(DATA TO EXAMINE Opens)
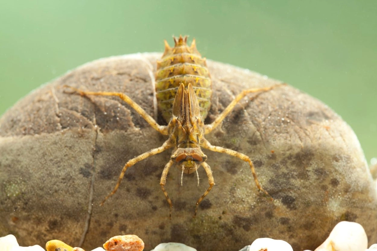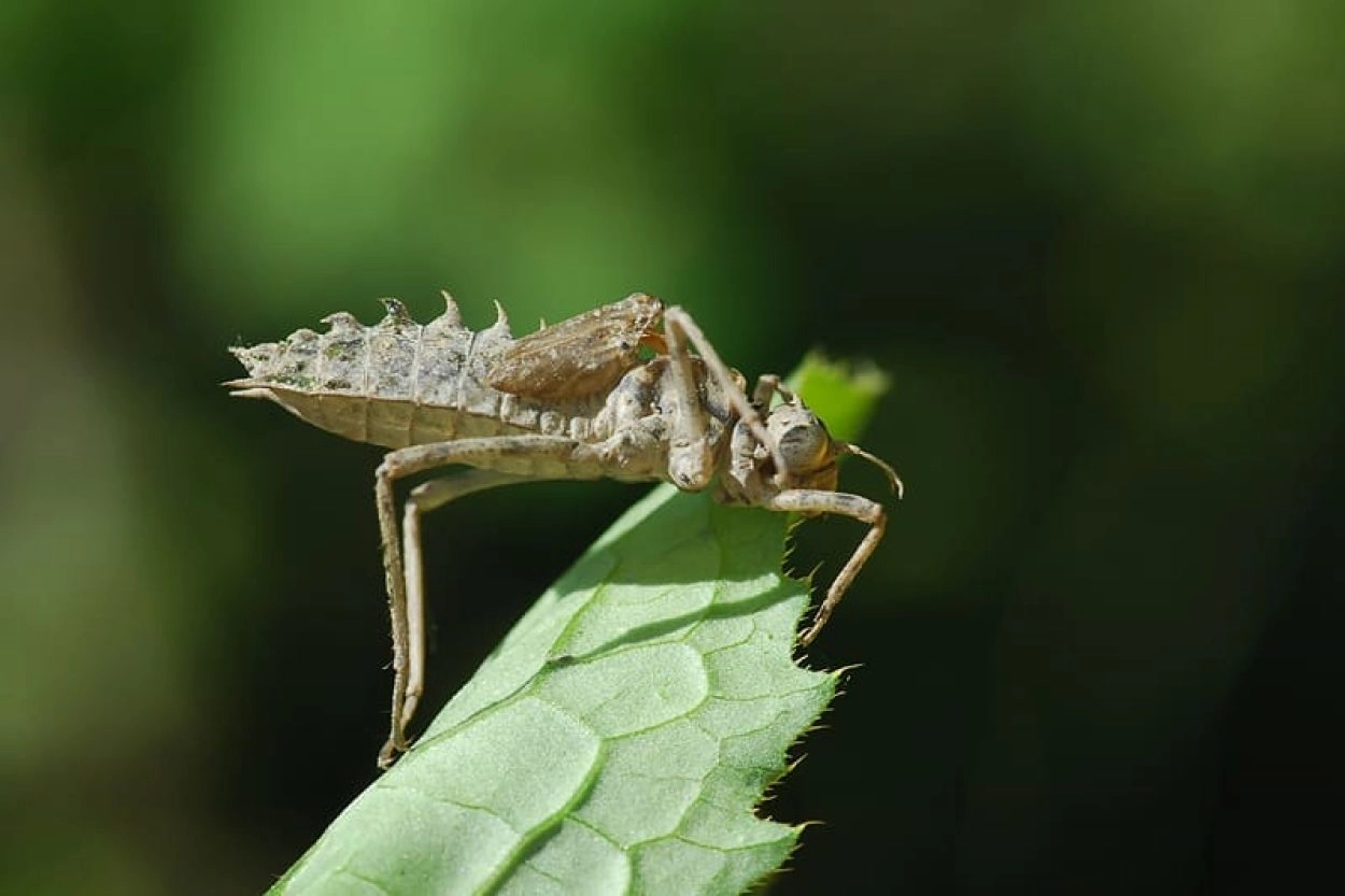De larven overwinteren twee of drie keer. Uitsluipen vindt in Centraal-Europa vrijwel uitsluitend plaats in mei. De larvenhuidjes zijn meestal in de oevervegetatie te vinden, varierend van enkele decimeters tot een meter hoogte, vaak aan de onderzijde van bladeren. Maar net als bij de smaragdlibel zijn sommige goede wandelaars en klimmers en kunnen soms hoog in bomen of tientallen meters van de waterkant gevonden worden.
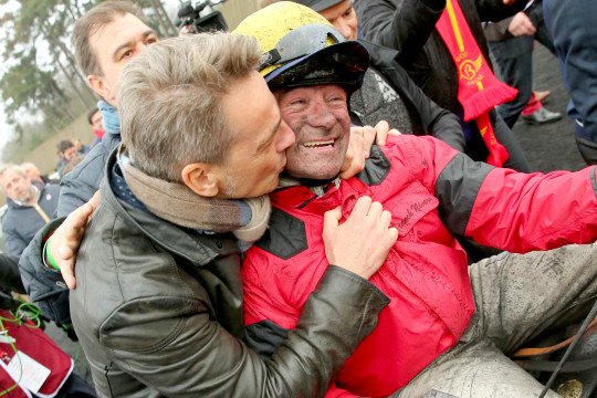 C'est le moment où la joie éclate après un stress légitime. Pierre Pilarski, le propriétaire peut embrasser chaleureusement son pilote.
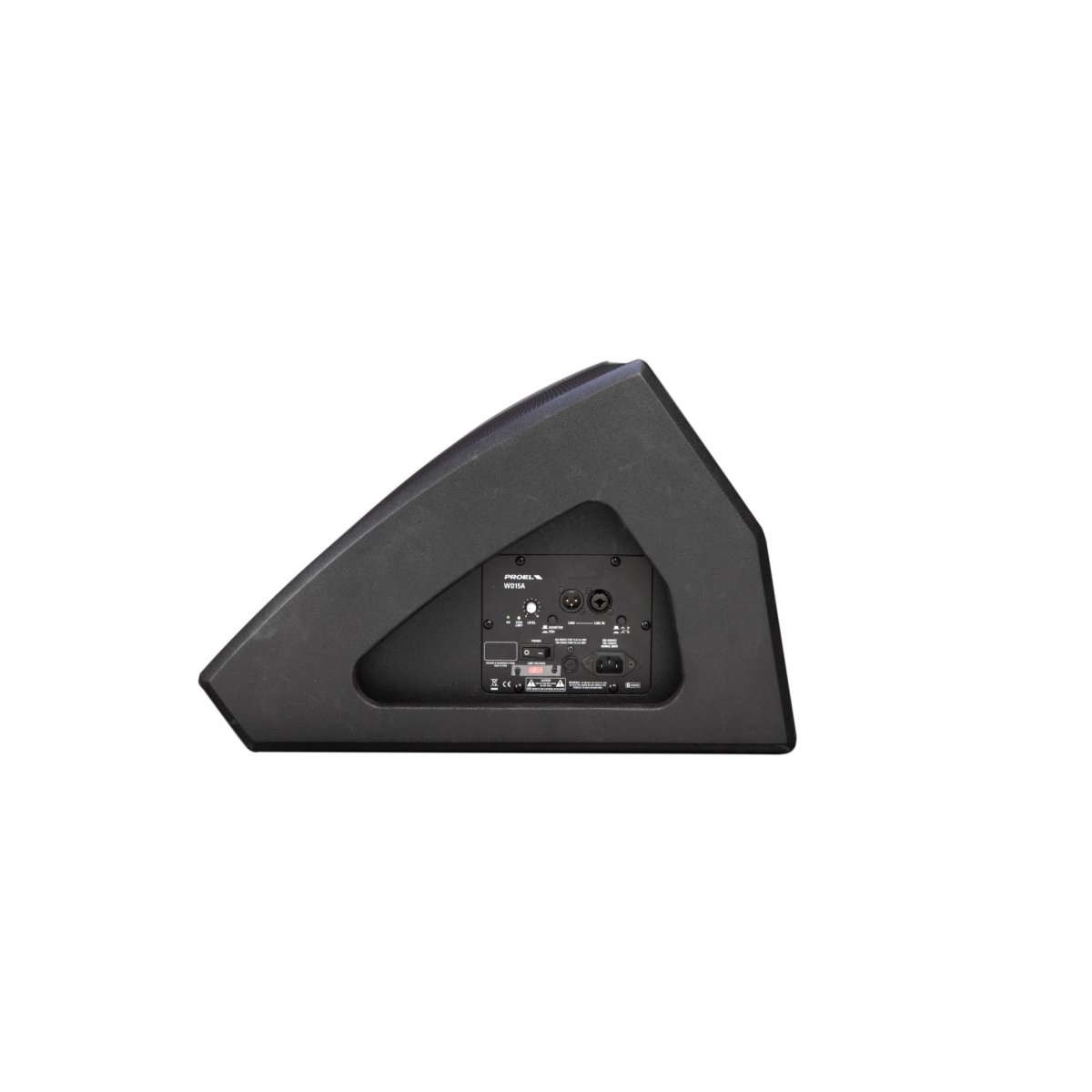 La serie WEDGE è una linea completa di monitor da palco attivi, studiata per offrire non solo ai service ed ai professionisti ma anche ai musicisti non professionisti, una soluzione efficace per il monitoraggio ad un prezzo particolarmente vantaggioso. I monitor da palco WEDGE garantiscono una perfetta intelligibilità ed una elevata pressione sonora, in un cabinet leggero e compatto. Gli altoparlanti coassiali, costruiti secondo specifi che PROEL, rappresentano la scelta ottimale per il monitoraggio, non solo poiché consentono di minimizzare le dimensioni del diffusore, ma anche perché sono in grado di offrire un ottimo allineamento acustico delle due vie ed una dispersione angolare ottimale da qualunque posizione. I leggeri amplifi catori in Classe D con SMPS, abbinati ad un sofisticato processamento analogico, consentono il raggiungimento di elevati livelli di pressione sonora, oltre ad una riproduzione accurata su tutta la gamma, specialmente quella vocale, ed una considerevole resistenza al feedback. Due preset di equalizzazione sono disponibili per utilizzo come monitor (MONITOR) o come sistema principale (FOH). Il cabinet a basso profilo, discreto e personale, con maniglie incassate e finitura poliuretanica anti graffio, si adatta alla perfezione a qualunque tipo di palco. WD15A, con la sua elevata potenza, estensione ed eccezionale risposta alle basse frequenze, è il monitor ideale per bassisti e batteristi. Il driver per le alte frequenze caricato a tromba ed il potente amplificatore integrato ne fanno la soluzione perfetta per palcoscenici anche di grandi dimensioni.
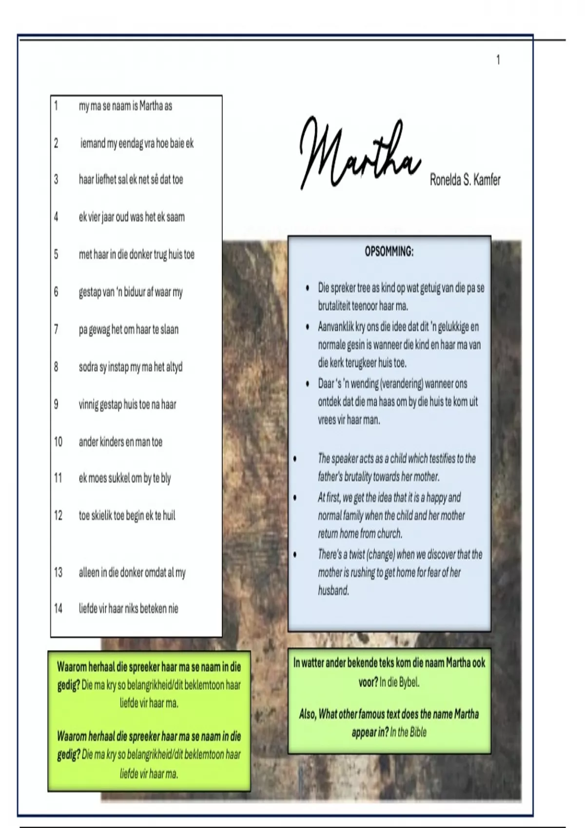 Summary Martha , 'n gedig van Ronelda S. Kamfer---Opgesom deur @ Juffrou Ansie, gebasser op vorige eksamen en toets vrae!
(DATA TO EXAMINE Closes)
(DATA TO EXAMINE Opens)
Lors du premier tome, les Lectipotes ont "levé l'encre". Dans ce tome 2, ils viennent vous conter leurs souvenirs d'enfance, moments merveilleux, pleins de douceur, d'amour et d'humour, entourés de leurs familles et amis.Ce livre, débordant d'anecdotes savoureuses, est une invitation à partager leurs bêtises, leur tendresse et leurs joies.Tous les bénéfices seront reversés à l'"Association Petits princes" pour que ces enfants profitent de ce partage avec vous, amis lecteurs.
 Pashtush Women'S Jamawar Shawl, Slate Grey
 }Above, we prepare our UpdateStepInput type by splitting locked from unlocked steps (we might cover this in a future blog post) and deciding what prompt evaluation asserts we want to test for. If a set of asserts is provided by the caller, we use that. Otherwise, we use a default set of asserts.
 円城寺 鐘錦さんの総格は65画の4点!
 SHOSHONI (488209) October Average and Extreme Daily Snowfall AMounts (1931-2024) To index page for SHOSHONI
(DATA TO EXAMINE Closes)
» **WORK TO BE COMPLETED**: Reproduce the lines above starting at the one with "De larven overwinteren" and ending at the one with "C'est le moment", both included, exactly and with no pictures.

» **THE COMPLETED TASK**:
De larven overwinteren twee of drie keer. Uitsluipen vindt in Centraal-Europa vrijwel uitsluitend plaats in mei. De larvenhuidjes zijn meestal in de oevervegetatie te vinden, varierend van enkele decimeters tot een meter hoogte, vaak aan de onderzijde van bladeren. Maar net als bij de smaragdlibel zijn sommige goede wandelaars en klimmers en kunnen soms hoog in bomen of tientallen meters van de waterkant gevonden worden.
 C'est le moment où la joie éclate après un stress légitime. Pierre Pilarski, le propriétaire peut embrasser chaleureusement son pilote.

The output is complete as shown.